No ha habido un atentado de la última ola asesina, del cual los protagonistas no fuesen adictos a esos juegos. A pesar de las alertas, varias veces emitidas por criminólogos, como el francés Alain Bauer, hasta ahora las autoridades judiciales en Europa y Estados Unidos se sumaron a la opinión de los defensores de esos juegos, que ven en la apología virtual del crimen y su sofisticación sádica una expresión más de la democracia. Sin embargo, se llame como se llame ese vínculo: entrenamiento, afinidad con el mal, cultura de odio, propensión a la transgresión, simple adicción, empatía entre psicópatas etc., el vínculo existe. Es cierto que no todos los jugadores pasan al acto. El adoctrinamiento wahabita es la condición insoslayable, pero los videojuegos dan el toque final al enaltecimiento y la estetización de la barbarie.

La lógica del avestruz, el no querer saber, es una característica paradójica del siglo XXI, un siglo tecnológico, pero no científico. Estamos en ese punto de la historia del pensamiento occidental de  relegación de la ciencia positiva a favor de la contemplación de la percepción sensible. Una disposición propicia al desarrollo de una hubris demencial.  Los cazadores de Pokémones tanto como los jugadores de GTA comparten el ser la expresión de una civilización de tiranos atomizados, tiranos no ilustrados.

Realidad percibida

Esa difracción de la realidad no atañe sólo al mundo virtual, sino a algo tan concreto como el Estado civil y los datos filatorios.
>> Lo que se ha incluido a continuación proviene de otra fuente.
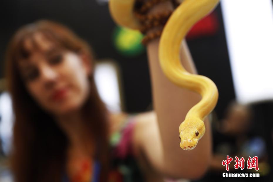 8月24日,蜥蜴、蛇、蜘蛛、土撥鼠等新派爬寵齊聚上海寵物展,吸引時尚男女前來觀賞。據了解,爬蟲類近年正逐漸取代傳統意義上的寵物,成為年輕人彰顯個性的新寵。圖為一美女訓蛇師展示盤在手臂上的黃金蟒蛇。 中新社記者 張亨偉 攝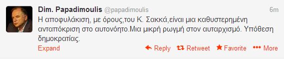 «Η αποφυλάκιση, με όρους, του Κ. Σακκά, είναι μια καθυστερημένη ανταπόκριση στο αυτονόητο. Μία μικρή ρωγμή στον αυταρχισμό. Υπόθεση δημοκρατίας», είπε χαρακτηριστικά ο κ. Παπαδημούλης.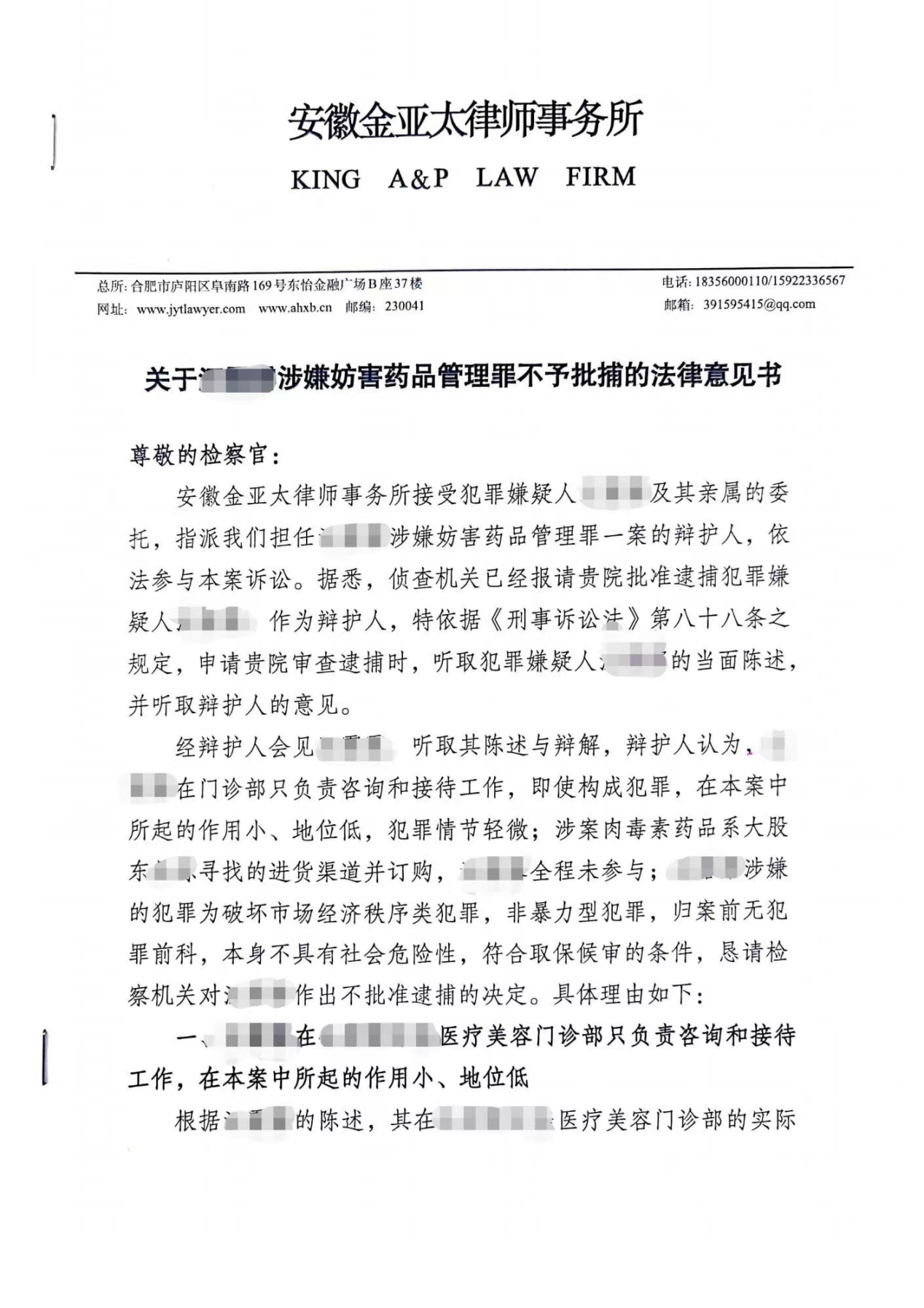 2.2023年3月27日,承辦律師與檢察官取得聯(lián)系,溝通案情,向檢察官提交了不予批捕的法律意見書,提出汪某某在該醫(yī)療美容門診部只負(fù)責(zé)咨詢和接待工作,所起的作用小、地位低;涉案肉毒素藥品系大股東尋找的進(jìn)貨渠道并訂購,汪某某全程未參與;汪某某涉嫌的犯罪非暴力型犯罪,歸案前無犯罪前科,本身不具有社會危險性,不具有逮捕的必要性,并且汪某某家中兩個年幼的孩子需要母親照料等意見。檢察官根據(jù)承辦律師提出的法律意見,前往H市看守所提審?fù)裟衬?,核?shí)案件情況。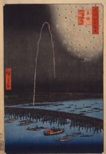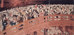 隅田川が描かれ始めたときから、舟遊びの描写は登場します。とりわけ三ツ俣(みつまた)(中洲)や両国橋界隈は舟を繰り出す人気の場所として知られており、この場所で月見や花火を楽しむ舟のようすを描いたものは多いです。
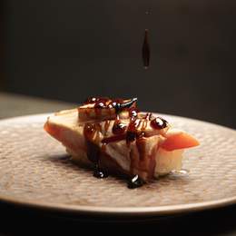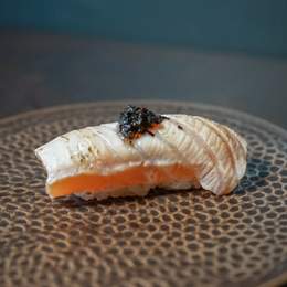 Raspa de ventresca, anguila ahumada, nabo, huevas de salmón, cebollino y salsa ponzu
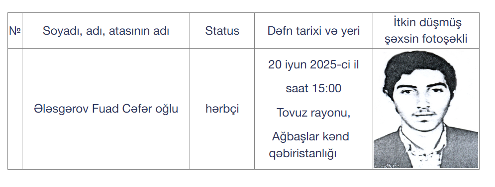 Hərbçi olmuş Ələsgərov Fuad Cəfər oğlu iyunun 20-i, saat 15:00-da Tovuz rayonu, Ağbaşlar kənd qəbiristanlığında dəfn olunacaq.
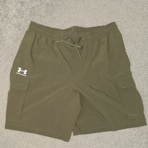 Stay comfortable and stylish with these Under Armour olive green cargo shorts. Perfect for casual outings, these shorts offer a relaxed fit and practical pockets.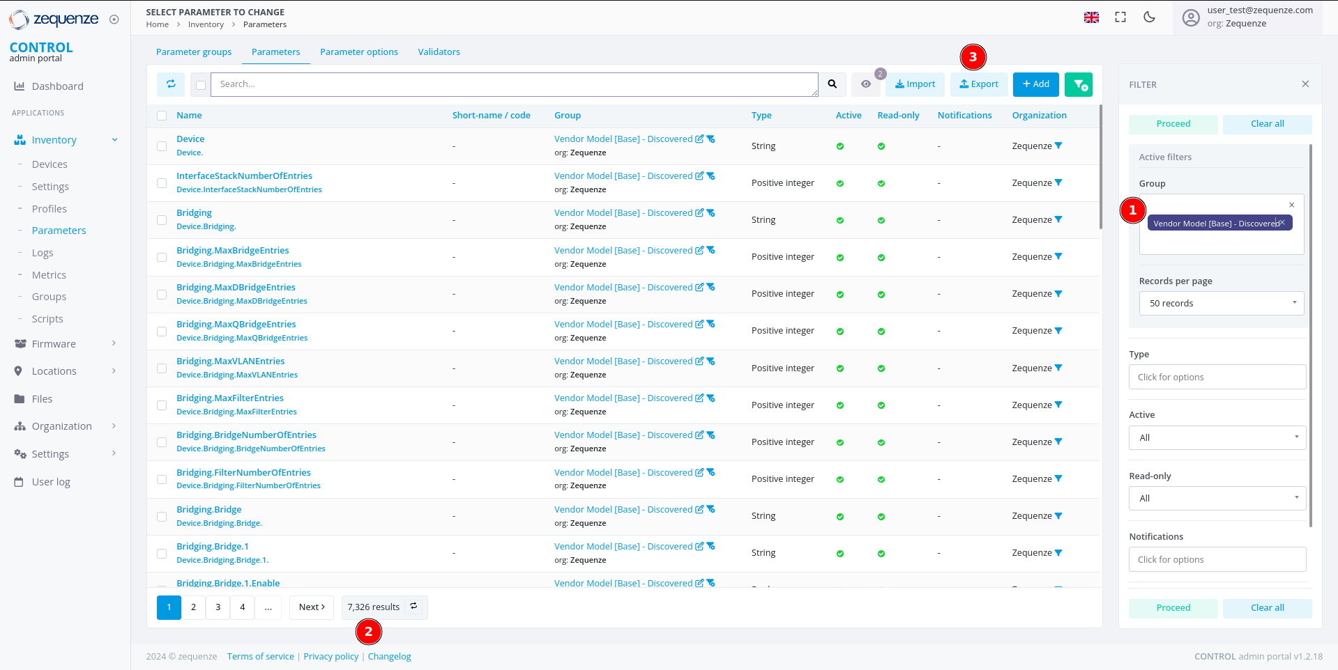 This guide explains how to locate, filter, and export parameter groups from the CONTROL portal. You'll learn to navigate to the Parameters section, apply filters to find specific groups, and export the data in your preferred format.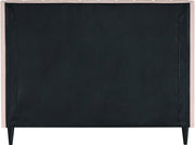 Snuggle up to a pet or other loved one in this richly upholstered Eva pink velvet queen size bed for the ultimate in rest and relaxation. The wing back headboard has cushioned vertical deep channel tufting, and both the side rails and footboard are upholstered too for your comfort. Tapered black wood legs match the upholstery and support this contemporary bed, elevating it sufficiently that you can store items underneath.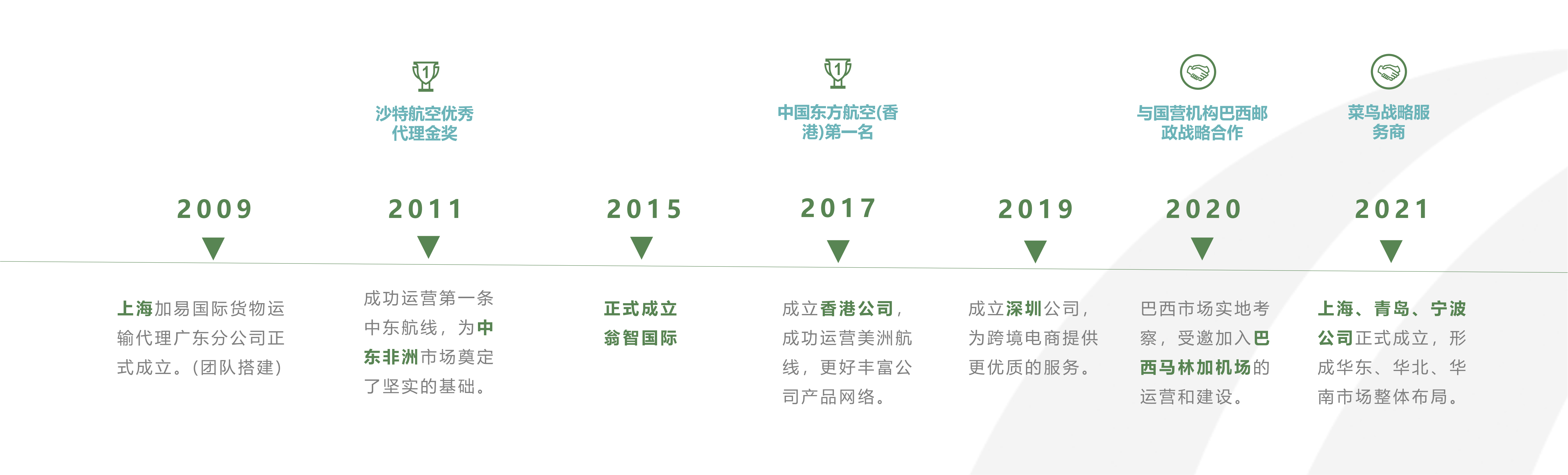 翁智国际物流,扎根于中东、非洲市场,积极开拓欧洲、美洲、南美洲板块,助力品牌出海,提供供应链物流综合解决方案,打造跨境智慧物流服务平台。公司不断改革求进,经过十多年的积累与沉淀,从最初的货运代理,发展成为一家专业的跨境电商物流服务商,并积极响应国家号召,加大国际航空物流航线运力,利用自身包机资源,开展并运营多条航线,往机场运营和大航空产业迈进。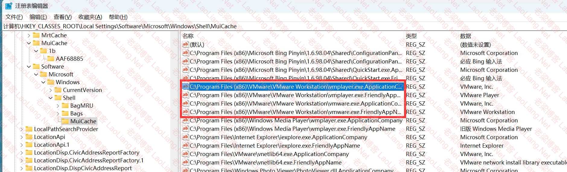 HKEY_CLASSES_ROOT\Local Settings\Software\Microsoft\Windows\Shell\MuiCache

Culmina con la negación de la más obvia de las realidades materiales que es el determinismo cromosómico. Son ya varios los países en haber hecho ley, o por lo menos fingir creer posible, lo radicalmente imposible, que es que un hombre se transforme en mujer o una mujer en hombre. Claro que en democracia se debe permitir que la gente se disfrace de lo que quiera, y viva sus aspiraciones al “como si”, como parte de su libre albedrío, siempre y cuando no se niegue la realidad, y menos se obligue a terceros a negarla. Justamente, la prepotencia exige la colaboración de la sociedad entera a la pantomima para que el engaño sea sistémico. Aquel que insista en saludar educadamente con un “Señor” a un hombre, a pesar del disfraz, se vería, colmo de los colmos, acusado de discriminación.  Existen aún algunas limitaciones a la realización de las aspiraciones narcisistas. Por ejemplo no se puede cambiar la fecha de nacimiento cuando esta contradice la edad percibida. No se puede cambiar de género humano a genero animal, ni se puede cosificar o convertirse en Pokémon. Aunque algunos padres se han adelantado a la evolución de la sociedad y ya le dan el nombre de su Pokémon preferido a sus hijos

¿Qué tienen en común los cazadores de Pokémones, los asesinos neo-wahabitas, las personas que “eligieron” su identidad de género? Todas ellas estiraron el campo de sus posibles negando la realidad. Barrieron con la realidad cósmica, interpolaron el mundo virtual a la realidad, editaron fatwas contra todo lo que sea del orden del determinismo, de la inmanencia física o de los hechos históricos, en este último caso, apoyándose en la censura del políticamente correcto.  Ese es el mito fundador del siglo XXI, el narcisismo hipertrófico, que une el yihadista, al adolescente de 40 años adicto a los videojuegos y al transexual almodovareño;  entronizar la ficción ya no como proyección de un deseo sino como realidad diseñada a medida. Cumplir con la primera definición de la locura, que es la confusión entre ficción y realidad.